** ASSIGNED TASK **
Leaving the images aside, transcribe all the data below exactly.

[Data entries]
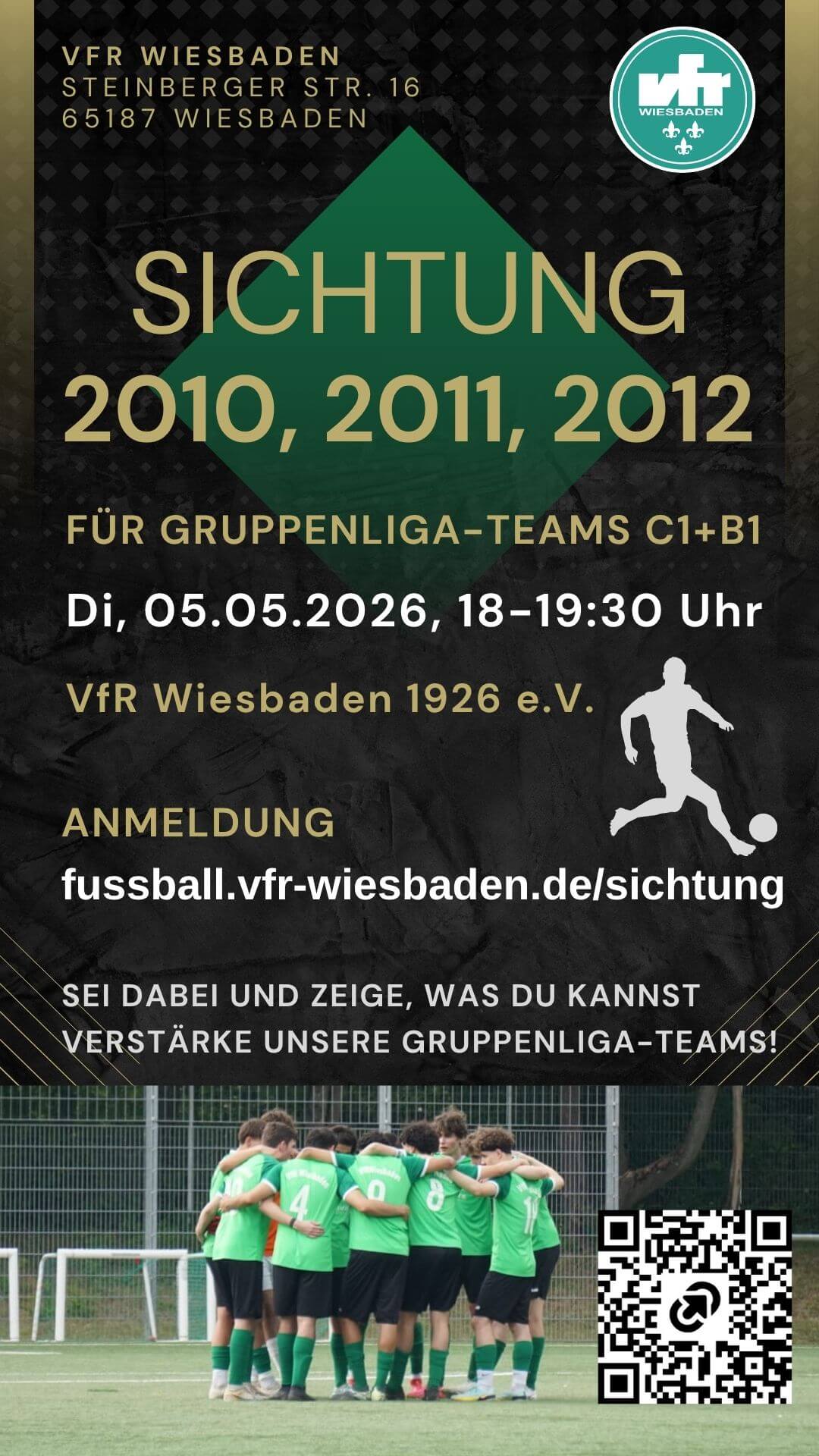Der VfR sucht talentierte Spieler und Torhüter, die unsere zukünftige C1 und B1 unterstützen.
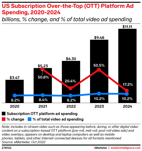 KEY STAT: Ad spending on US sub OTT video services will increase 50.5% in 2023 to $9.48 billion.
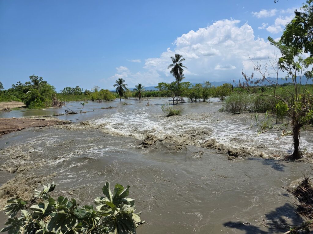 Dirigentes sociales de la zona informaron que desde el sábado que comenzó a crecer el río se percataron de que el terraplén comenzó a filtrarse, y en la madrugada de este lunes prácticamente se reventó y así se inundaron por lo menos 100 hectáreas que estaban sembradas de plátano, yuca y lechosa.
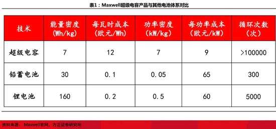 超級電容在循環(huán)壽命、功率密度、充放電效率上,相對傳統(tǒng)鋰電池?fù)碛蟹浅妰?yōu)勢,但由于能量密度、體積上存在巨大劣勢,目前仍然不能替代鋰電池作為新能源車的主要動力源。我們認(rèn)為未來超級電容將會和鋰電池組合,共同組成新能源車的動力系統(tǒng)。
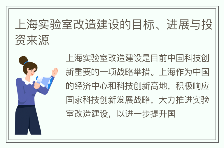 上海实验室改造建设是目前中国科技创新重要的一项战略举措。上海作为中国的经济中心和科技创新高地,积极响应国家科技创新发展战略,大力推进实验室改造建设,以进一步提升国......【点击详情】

** RESULT BELOW **
Der VfR sucht talentierte Spieler und Torhüter, die unsere zukünftige C1 und B1 unterstützen.
 KEY STAT: Ad spending on US sub OTT video services will increase 50.5% in 2023 to $9.48 billion.
 Dirigentes sociales de la zona informaron que desde el sábado que comenzó a crecer el río se percataron de que el terraplén comenzó a filtrarse, y en la madrugada de este lunes prácticamente se reventó y así se inundaron por lo menos 100 hectáreas que estaban sembradas de plátano, yuca y lechosa.
 超級電容在循環(huán)壽命、功率密度、充放電效率上,相對傳統(tǒng)鋰電池?fù)碛蟹浅妰?yōu)勢,但由于能量密度、體積上存在巨大劣勢,目前仍然不能替代鋰電池作為新能源車的主要動力源。我們認(rèn)為未來超級電容將會和鋰電池組合,共同組成新能源車的動力系統(tǒng)。
 上海实验室改造建设是目前中国科技创新重要的一项战略举措。上海作为中国的经济中心和科技创新高地,积极响应国家科技创新发展战略,大力推进实验室改造建设,以进一步提升国......【点击详情】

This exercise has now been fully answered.